Beginning of the New Year is a great time to review your investments and create a list of financial resolutions. Be realistic and start with the simple, doable objectives. Here are five recommendations that I have for you:

  1. Get Organized

    Spread out the statements, confirms and bank accounts on the floor and organize every batch by the calendar. Organizing the statements forces you to look at your returns and transactions through out the year. Did you make too many transactions? Did you sell something when you shouldn't have? The important thing is to learn from your mistakes. The biggest problem investors have is that they are not organized enough to know what they're investments are doing for them. Getting started is the hardest part but confronting that big pile is a must.

  2. Simplify Your Life

    Do you really need five bank accounts and six brokerage accounts? Consolidate your accounts into one or two accounts. If you have fewer accounts it makes it easier for you to know what you own and if you have the proper asset allocation. At financial firms like Alamo Capital we can shop around for the best CD rates and keep it all in one account. So, if you're worried about the FDIC limit of $100,000 you can own CD's from five different institutions in one brokerage account.
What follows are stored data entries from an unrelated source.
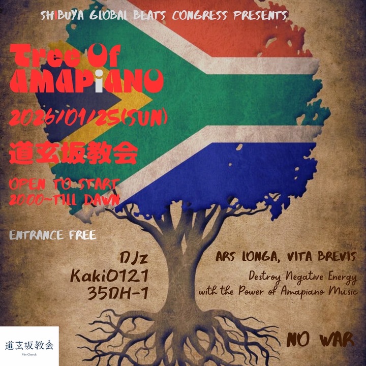 [ 入場無料 ] Tree Of AMAPiANO2026年1月20日|By staff 2026年1月25日 1/25(Sun) Tree Of AMAPiANO [ DJ ] Kaki0121 35DH-1 [ TimeTable ] 20:00 – OPEN / START 03:00 – Bar Time 05:00 – CLOSE [ System ] Entrance Free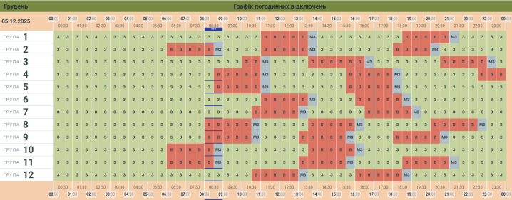 Сьогодні, 5 грудня, у Чернівцях та області продовжать діяти стабілізаційні графіки погодинних вимкнень електроенергії. Частина буковинців буде двічі за добу без світла, а в частині груп споживачів електрику вимикатимуть тричі. Загалом світла не буде від 5 до 9 годин, в залежності від групи.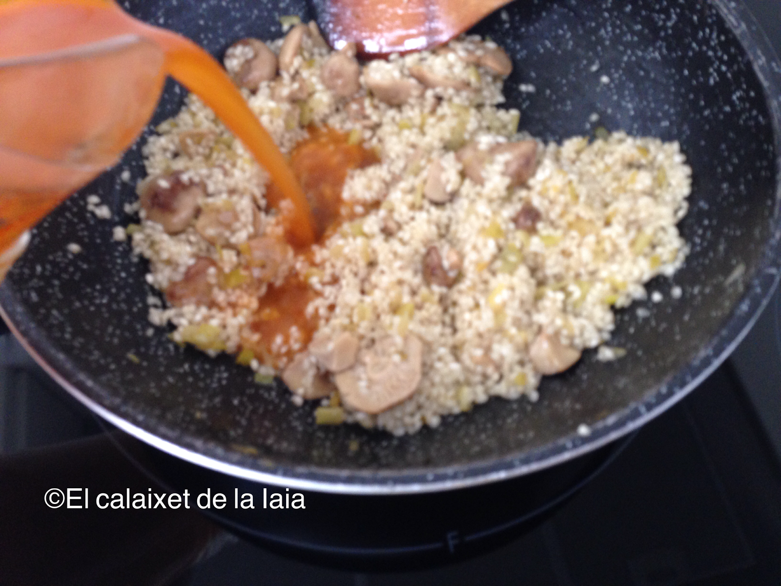 Añadiremos poco a poco el fumet e iremos removiendo,

    The same premise goes for brokerage accounts. The fewer accounts that you have the better handle you have on your investments. Let your investment advisor review your entire portfolio for the appropriate asset allocation and recommendations.

  3. Have a Strategy

    Work with a professional financial advisor and formulate an investment strategy that works for you. The strategy has to make sense to you and above all you have to be comfortable with it. Make sure you have the proper asset allocation among different asset classes. How much exposure do you have to the real estate market, tech stocks or high yield bonds? Do you really know the answer? Maybe you have half your portfolio in volatile tech stocks and you don't even know it. If stocks go up one month don't take money out of bonds and put it in the market. Look at the big picture and make your decisions according to your long-term goals. Stick with your strategy. Don't make costly emotional decisions.
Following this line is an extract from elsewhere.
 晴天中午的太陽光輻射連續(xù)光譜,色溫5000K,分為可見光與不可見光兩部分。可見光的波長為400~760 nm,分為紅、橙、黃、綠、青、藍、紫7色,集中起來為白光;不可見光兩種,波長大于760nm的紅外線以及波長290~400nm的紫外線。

  4. Get Your Estate in Order

    It's one thing building a portfolio and another passing it on to your loved ones. Make sure that you have a will, durable power of attorney and a medical directive. Talk to an estate attorney. He might recommend that you set up a living trust to reduce your estate tax or shield you from a costly probate. We've all heard nightmare stories of outrageous legal fees and unreasonable estate taxes. Protect yourself by talking to an estate planning professional and an estate attorney. The few hundred dollars that you spend today will save your loved ones thousands when you pass away.
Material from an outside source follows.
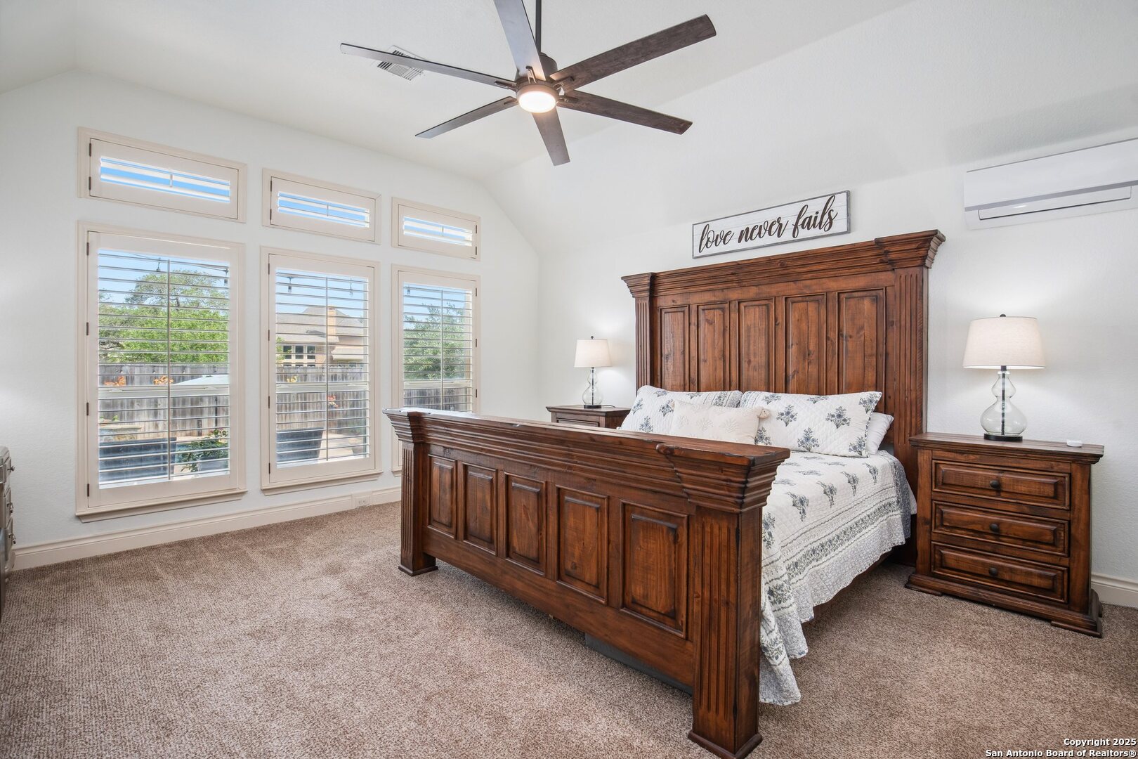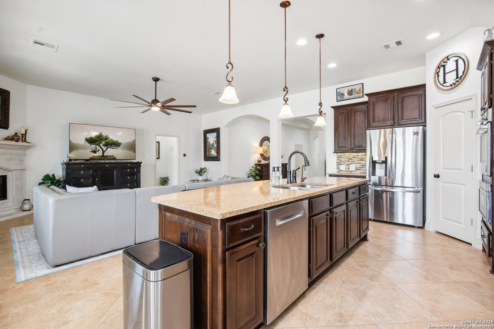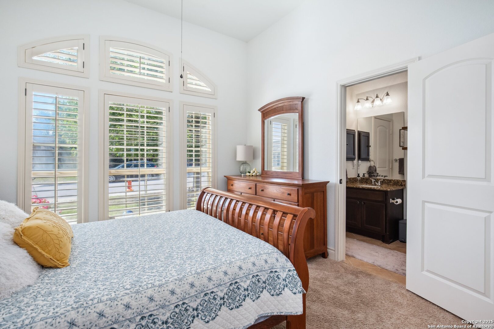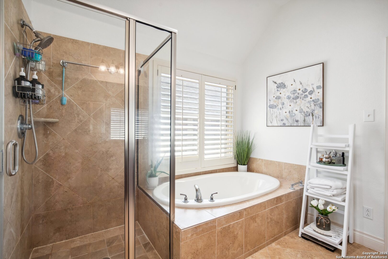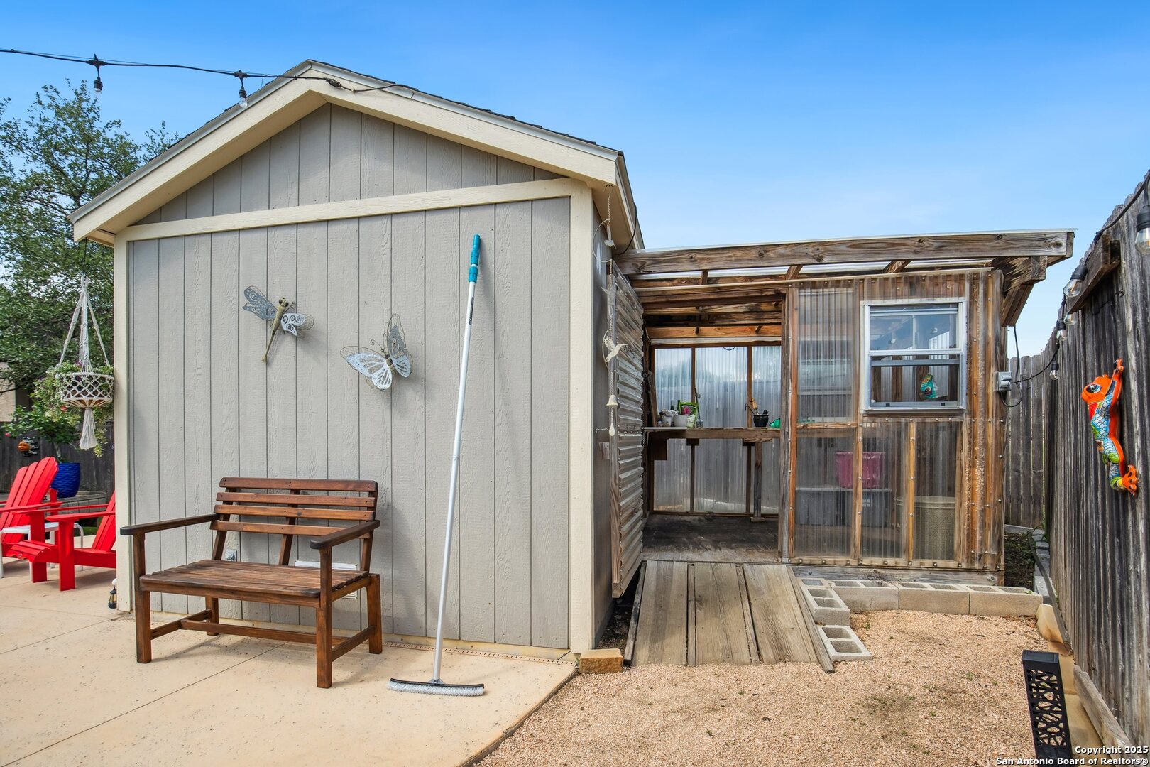 SELLER IS MOTIVATED! ALL OFFERS PRESENTED! Located in the gated community of Champions Village, this lovely single-story home offers comfort, space, and a functional layout. Inside, you'll find an open floor plan with high ceilings, wood plantation shutters, upgraded ceiling fans, and neutral tones that create a welcoming atmosphere throughout. The spacious living room features a cozy fireplace and flows seamlessly into the island kitchen and breakfast area, making it ideal for both daily living and entertaining. The kitchen is equipped with stainless steel Bosch appliances, a gas cooktop, pendant lighting, a breakfast bar, and a walk-in pantry. A formal dining room offers additional space for gatherings and special occasions. This home also includes a dedicated home office and a versatile den/media room to suit your lifestyle. The split primary suite provides a private retreat, complete with an ensuite bath that includes a soaking tub, walk-in shower, and an added mini-split A/C unit for personalized comfort. Additional upgrades include fresh interior paint, a water softener, reverse osmosis system under the kitchen sink, an alarm system, and a Tuff shed for extra storage. Step outside to the backyard oasis featuring a covered patio and open area, a swimming pool with beach entry and seating area, a privacy fence, and a storage shed and greenhouse. Don't miss your chance to own this beautifully maintained home-schedule your showing today!

  5. Work with a Professional

    After your health and family your money is usually the most important thing to you. So, why do so many people pay so little attention to it and don't seek professional advice? A big part of the reason is that there is a barrage of advertisements that prod you into investing for yourself. If you want to have some play money to buy the next Microsoft put aside 5% of your investment dollars for the long shot. The rest of your portfolio should be professionally managed and reviewed on at least an annual basis. No one has a crystal ball but a good financial advisor can give you the direction and advice that will make you money in the long run.